Monday, March 21, 2011

Former Journalist - Claudia Dowling

Claudia Glenn Dowling wears her dirty blonde hair very long, straight, and parted in the middle, which
is reminiscent of her days as a hippy. She stands in front of a classroom of young, aspiring journalists and tells them her story on how she became a feature writer and the highlight of her career; her climb up Mount Everest.

As a feature writer, Dowling has wrote for Discover magazine, Life magazine, People magazine, and The New York Times. She climbed 24,000 feet up Mount Everest for one of her stories for Life magazine in addition to the many emotional, real life stories she has done throughout her career.

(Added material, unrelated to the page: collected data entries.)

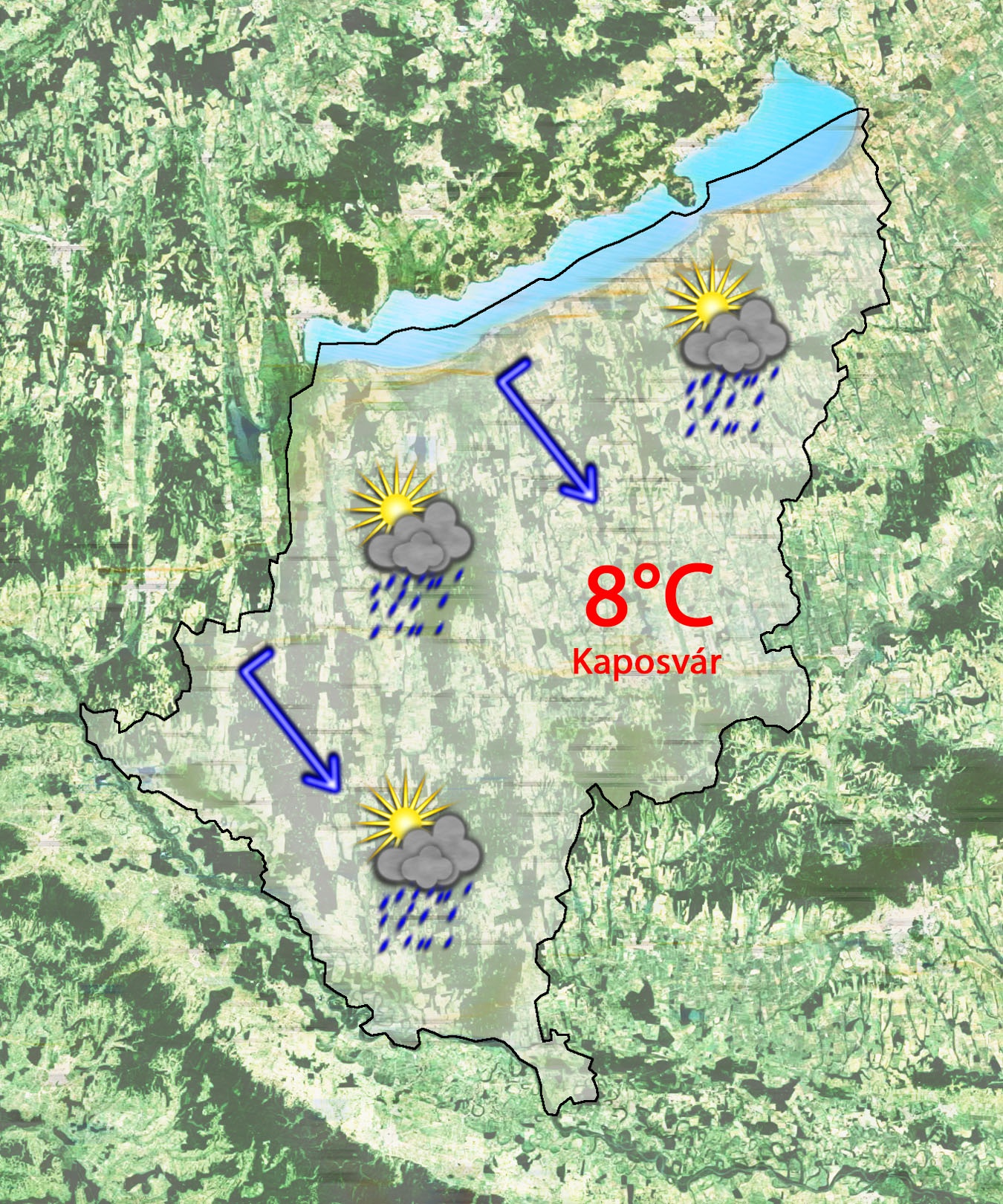 Péntek napközben erősen felhős lesz az ég és többfelé lehet záporeső egy hidegfrontnak köszönhetően. Délután 8°C várható. Megélénkülhet az északnyugati szél.
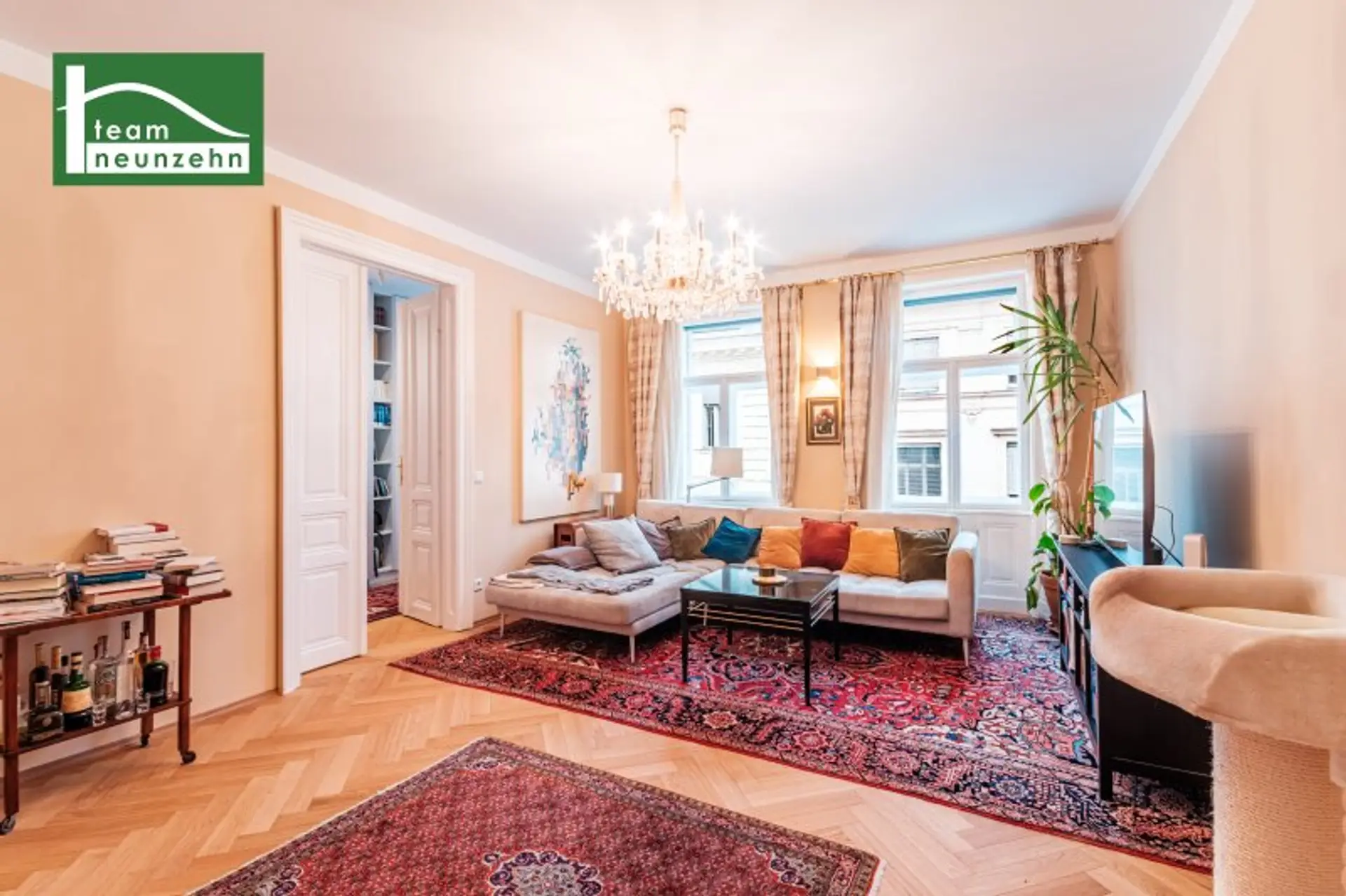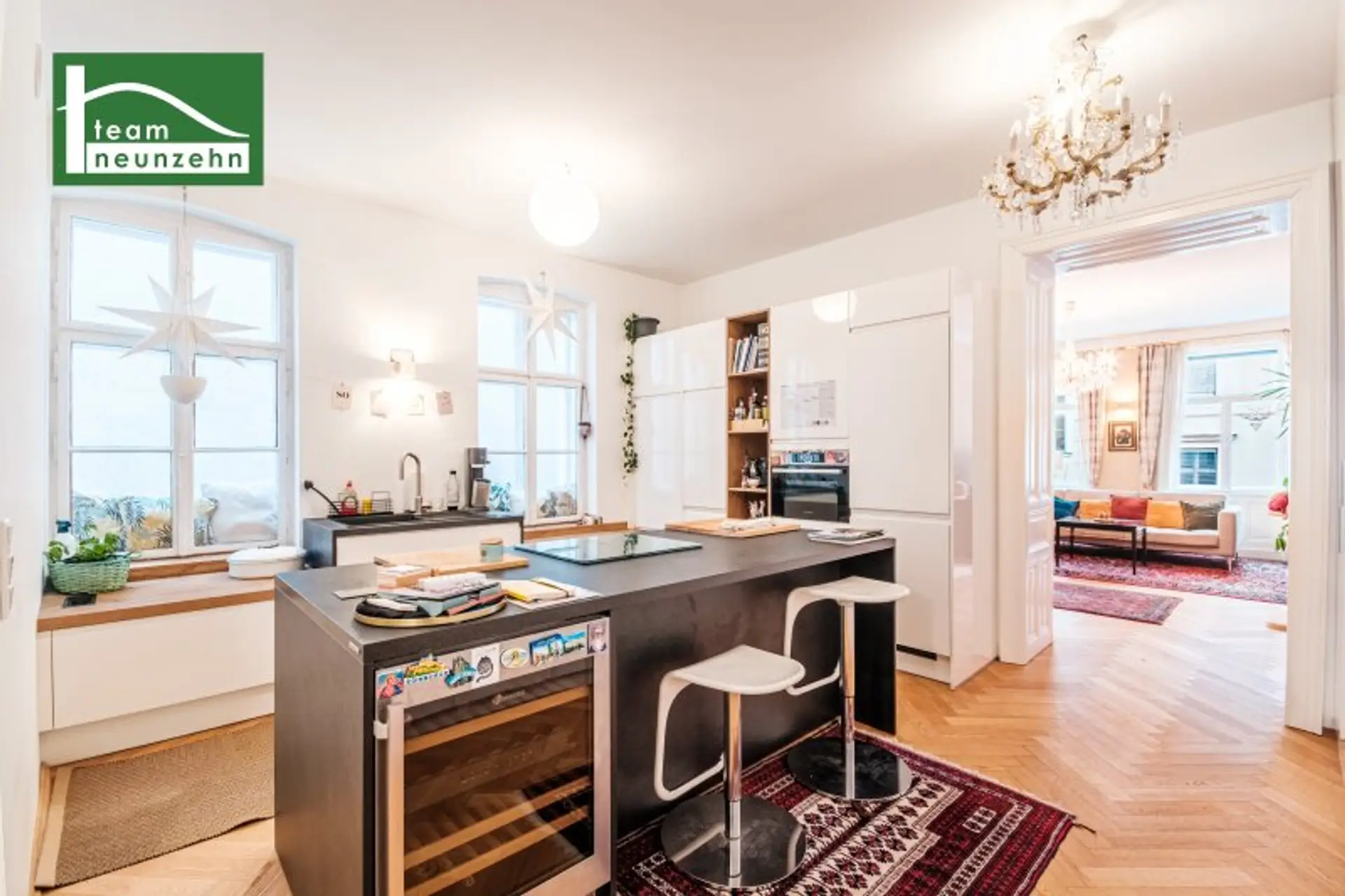 Inmitten des begehrten 9. Wiener Gemeindebezirks, nur wenige Schritte vom Donaukanal, dem beliebten Servitenviertel und der U4-Station Friedensbrücke entfernt, erwartet Sie diese stilvoll kernsanierte 4-Zimmer-Eigentumswohnung mit rund 94,65 m² Wohnfläche im vierten Liftstock eines gepflegten Altbaus aus 1892.
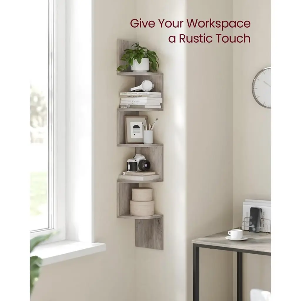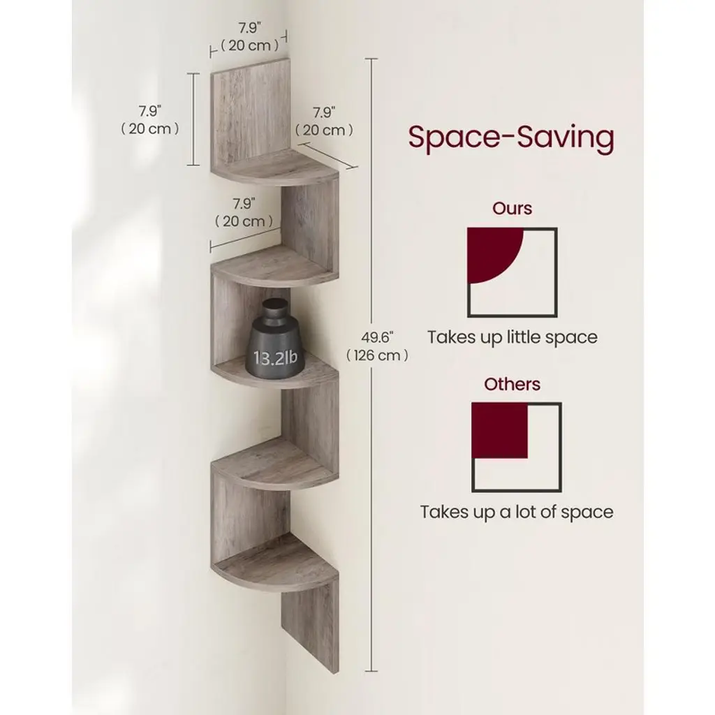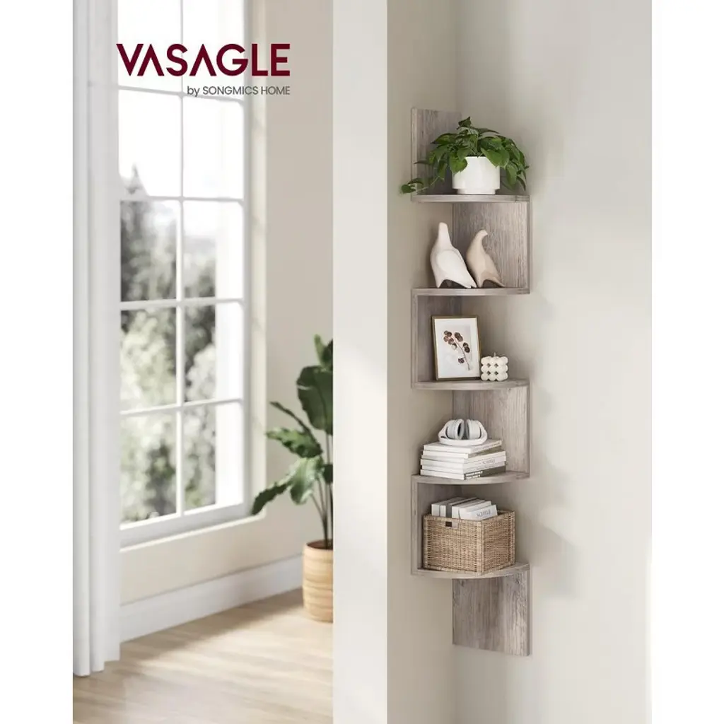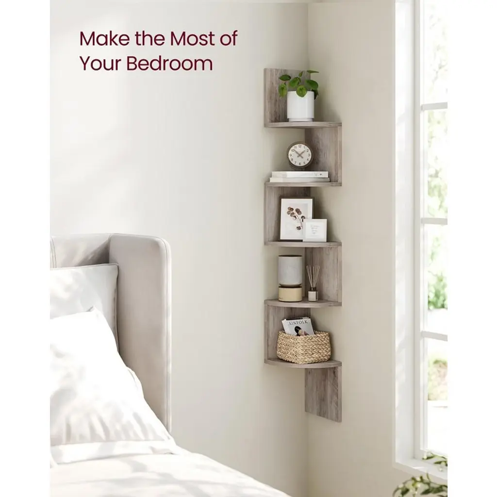 Vasagle Corner Shelf, 5-tier Floating Wall Shelf Heather Greige
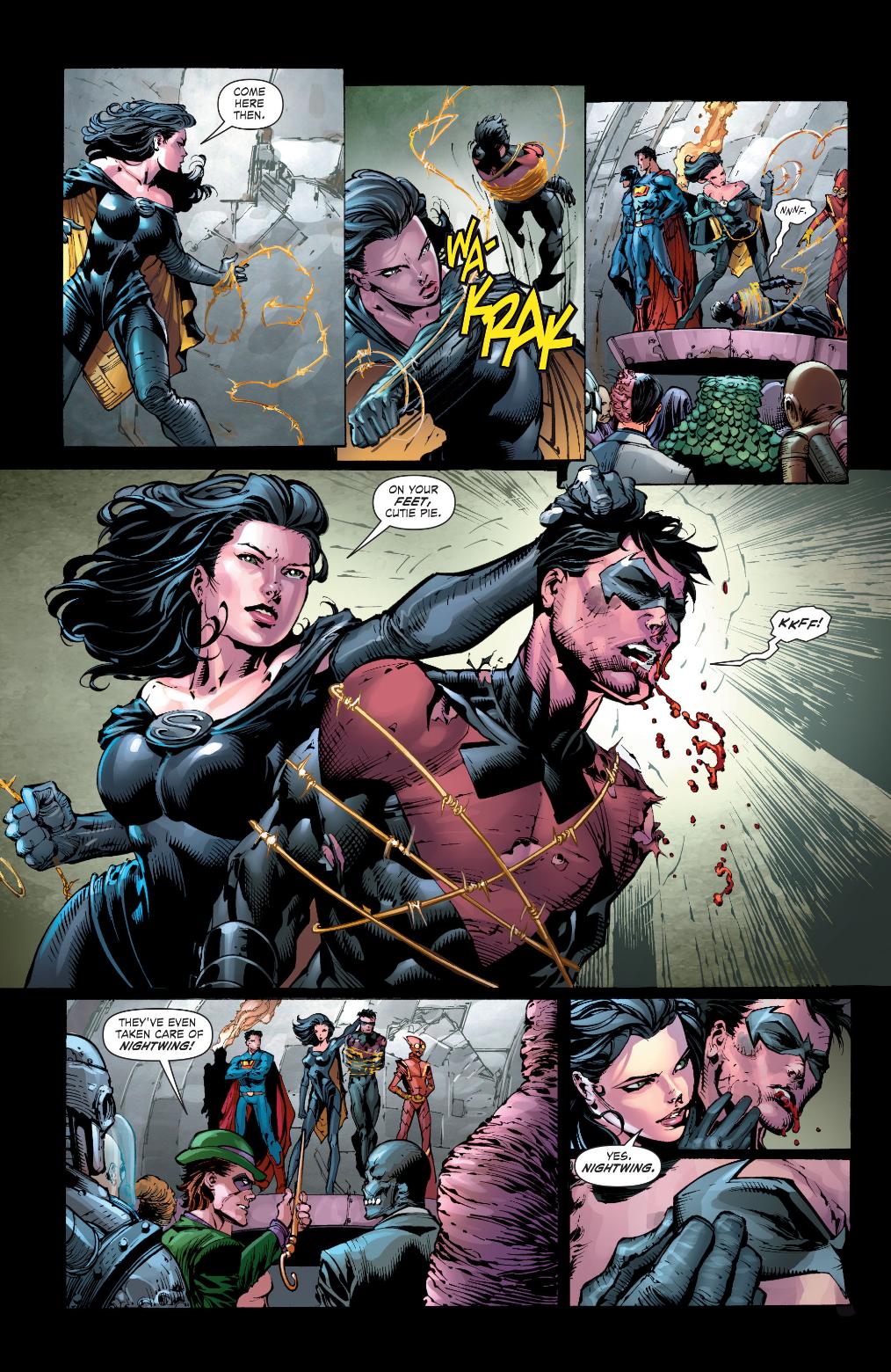 Bien, como verán en la siguientes paginas que son el preview a Forever Evil #1, el Sindicato del Crimen revela a sociedad secreta y al mundo la identidad de Nightwing. Esto tendrá seguro muchas consecuencias tanto para Dick Grayson y el mundo de Batman. Con los villanos de Tierra 3 teniendo ahora el control y afirmando que han matado a la Liga de la Justicia solo queda ver lo que veremos en estas paginas y si es de verdad rescatable para un evento de un universo completamente reiniciado. ¿Qué te ha parecido todo esto?

Dowling was born on December 13th 1950 in Ann Arbor, MI. Her father was a herpetologist and her mother was a Spanish teacher. Dowling is the oldest of four, she has two younger brothers and a younger sister. One brother is a musician, the other is a set carpenter for the movies, and her sister is a graphic designer. Dowling's path to becoming a feature writer may not seem typical.

After graduating from Vassar College with a major in Chinese in 1972, Dowling had no idea what to do with her life, so she moved to Hawaii and lived on the beach selling muumuus and growing cabbages. "After doing that for about a year, I decided I wanted to do the exact opposite, so I thought what would that be and then I thought, well I'll move to New York City," says Dowling.

When Dowling arrived in New York City in 1973, she began looking for a job. Time Inc. offered her a job as a coffee girl for their start up magazine called People. After delivering coffee and ordering sandwiches for a little while, Dowling began copy-reading and helped get the magazine ready to print. She was there for the launch of the very first issue.

She soon became tired of copy reading and moved to Springfield, Il to start up a newspaper with her boyfriend and another couple. Dowling was the main political reporter, but worked their until she broke up with the boyfriend and then moved back to New York City.

At that time she went to work for a women's sport magazine that was started by Billy Jean King and then went back to People as a movie critic and movie writer. After that she had a baby girl and went to work for Life part time. It was at Life that she learned how to write a deeply emotional story in which she credits the photographers she worked with for teaching her. "I knew how to write a newspaper kind of story, but I didn't know how to write a deeply emotional story until I learned how to approach people slowly and delicately, like the documentary photographers I worked with did it," says Dowling.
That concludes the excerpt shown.